Он обернулся и взглянув в холодные глаза тех двоих, в портупеях, хромовых сапогах, брюках галифе с синими лампасами, орден трудового красного знамени на груди, вишневый лак значка сверкал как немыслимая драгоценность, рубиновое стекло, и ниже тёмно-синий сапфир орден за немыслимые трудовые заслуги перед отечеством. Кощунство. Стекло в раме было старым, доре-во-люционным таким же древним, из другого мира экспонатом как и корабельная рында колокол, медная, блестящая. Очень звонкая. Висящая на деревянной балке в прихожей. Красноватый металл, с витой надписью, ещё  с ятями по кромке: Двенадцать Апостоловь.
Корабля нет, он затонул в цусимском сражении. Давно.
Бом! Бом. Бом. Два коротких, один длинный. А рында жива. Говорят, что память жива в сердцах людей. И тех
Следом, вереницей шли полным ходом крейсер Урал, Изумруд, вдалеке, оставая, пыхтя трубами вспомогательный транспорт Анадырь.  Бом. Пробоина. Кренится, пенится буранами вода заливая машинное отделение. Треск ломающихся переборок. Застопорил ход Урал и круто уваливающий, пытаясь выйти из-под огня  Изумруд.
Команду, сборную солянку из тех кто выжил подобрал дрейфующий в отдалении Анадырь.
А ещё он вспомнил себя сидящим в спасательной лодке в обнимку с корабельным колоколом и двоих матросов отчаянно загребавшими веслами по пенному морю покрытому обломками деревянных конструкций, всем тем, что уже не нужно, не пошло на дно но ещё долго и обречённо будет плавать, пока не прибьет его к русскому или тому берегу, на котором говорят ломаными английскими фразами.

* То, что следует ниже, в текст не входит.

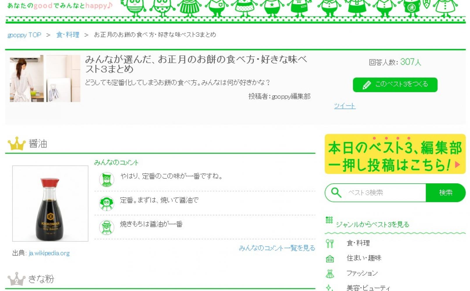 いろんな事をランキングにしてしまうgooppyの、「みんなが選んだ、お正月のお餅の食べ方・好きな味ベスト3」では、醤油味が一番多かったようです。ちなみに2位はきなこ、3位はお雑煮でした。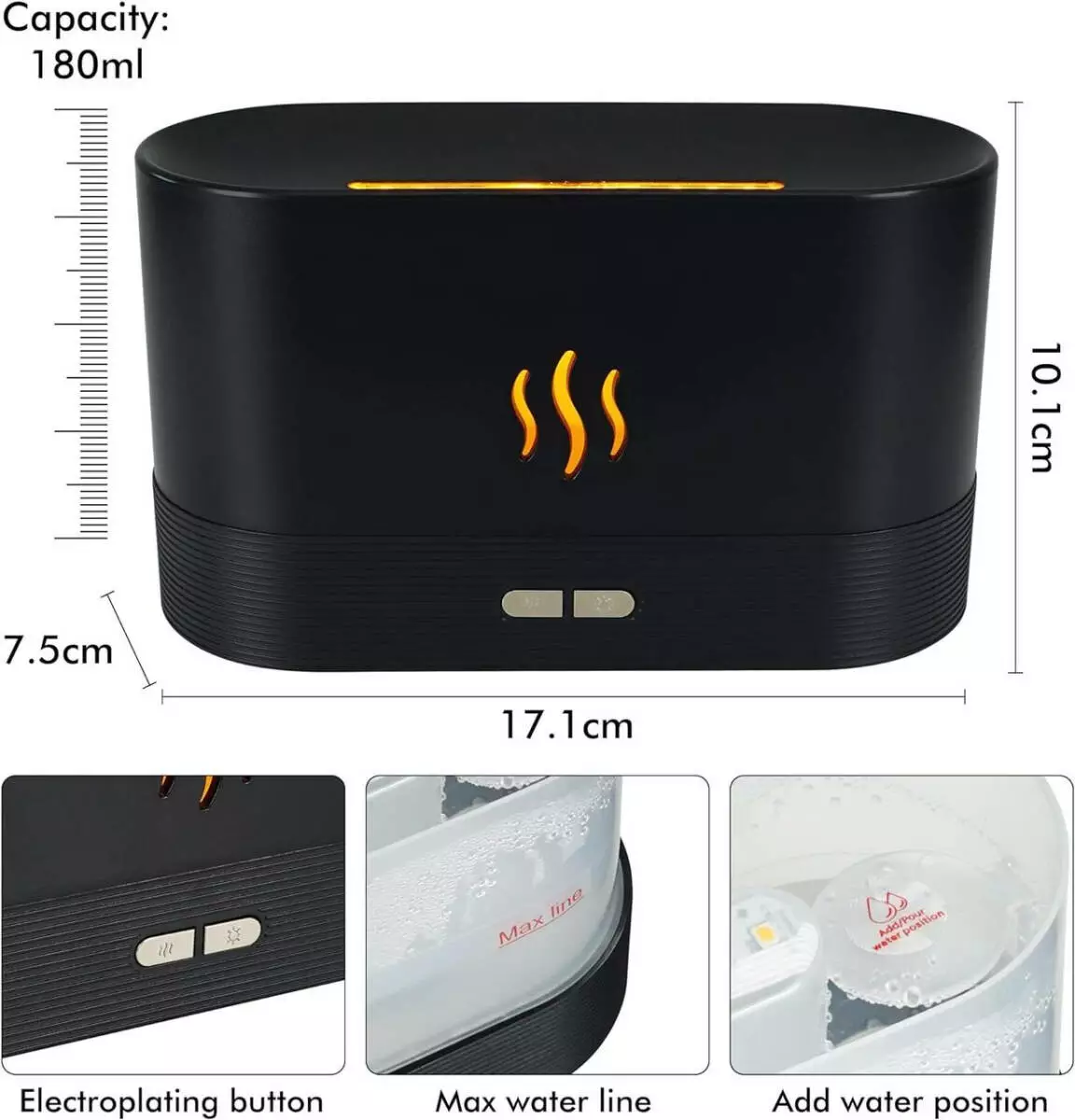 Нічник зволожувач повітря з імітацією полум'я й резервуаром для ефірної олії аромадифузор 180 мл Ruhhy 22542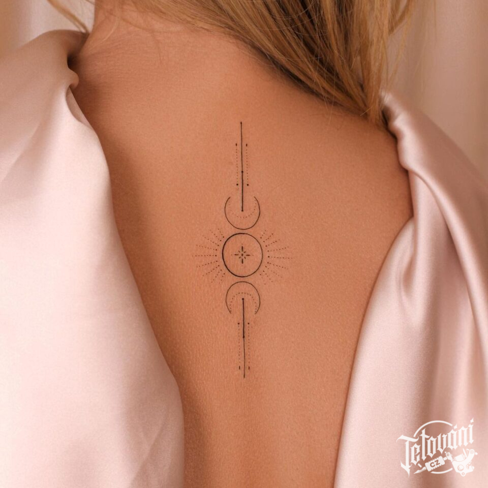 Tetování měsíc, slunce, čáry, symboly na páteř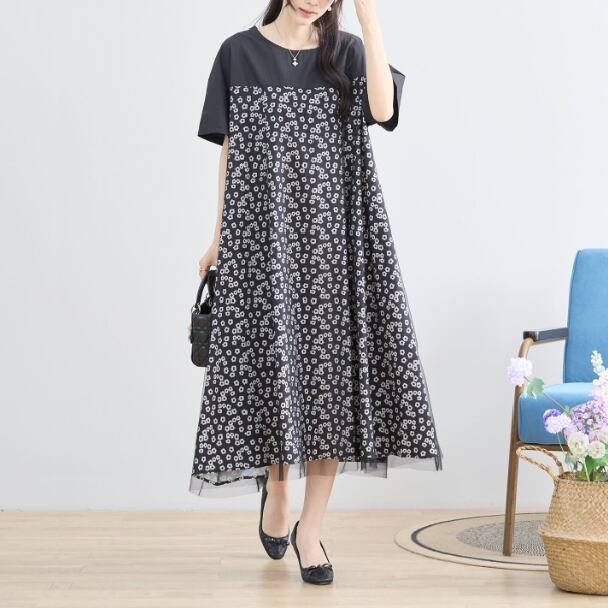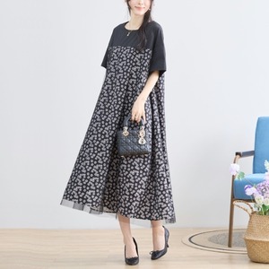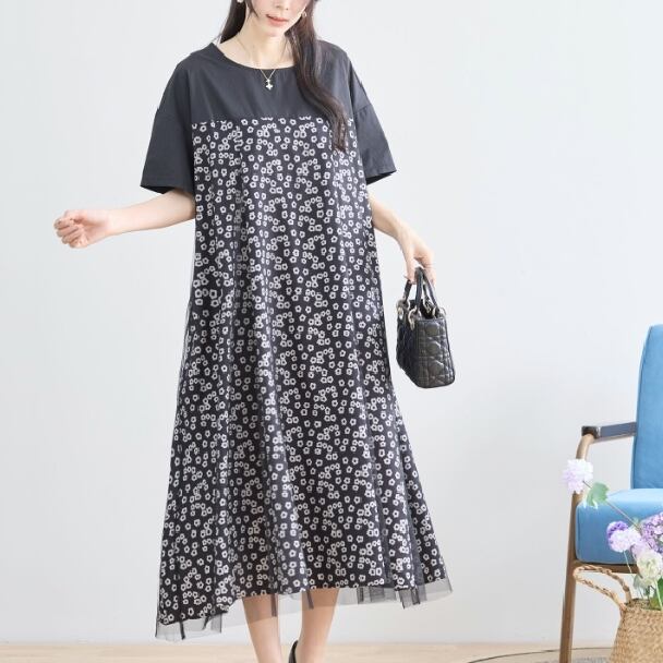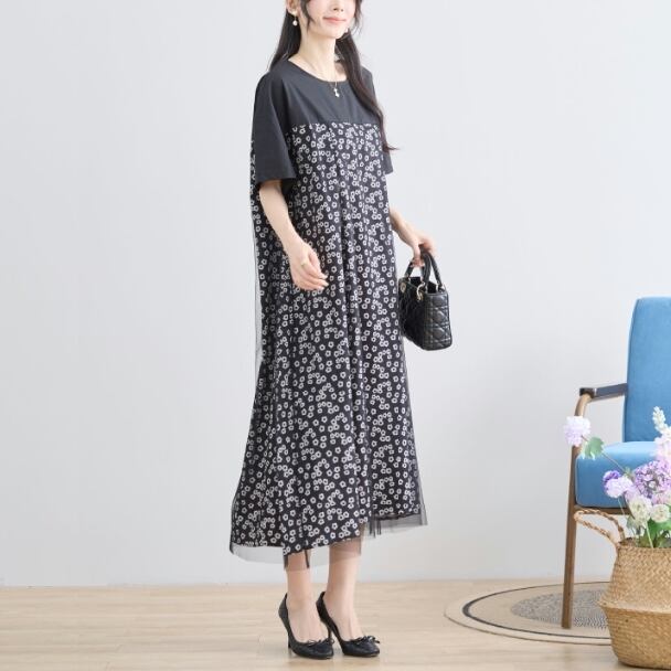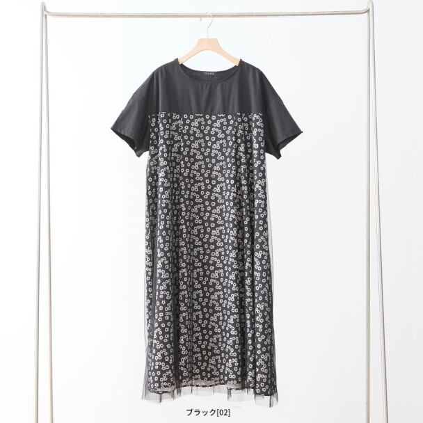 ロングワンピース 小花柄 チュール レイヤードフレア N83-114 フリー TRUBE M L 大人可愛い ミセス fmsd キレイメ 普段着 おしゃれ着 デイリーファッション 大人スタイル 婦人服 可愛い服 30代 40代 50代 60代 洋服 レディース

Диссертация была на английском. За каким чертом надобно писать ее на враждебном языке. Быть может, в надежде опубликовать ее в старом свете. А этот, новый мир он не любил. Это был мир корой ему был непонятен и страшен своей железной логикой. В нем не было места людям с прежним укладом жизни.
 Впрочем, те люди не стали вдаваться в подробности. Статья изобиловала координатами мест, которые по их мнению были секретными. Этого было вполне достаточно. Быть может шпион. Быть может диссидент. Доказательство сей басни не проблема. Из двух возможных вариантов либо двадцать пять лагерей  либо расстрел,но следовало выбрать наименее безболезненное. Значит, расстрел.
Тем летом, когда гнус не даёт ни спать ни работать, почему то казалось что наилучший вариант побег, ведь леса таежные он знал прекрасно и смог бы продержаться сколь угодно долго.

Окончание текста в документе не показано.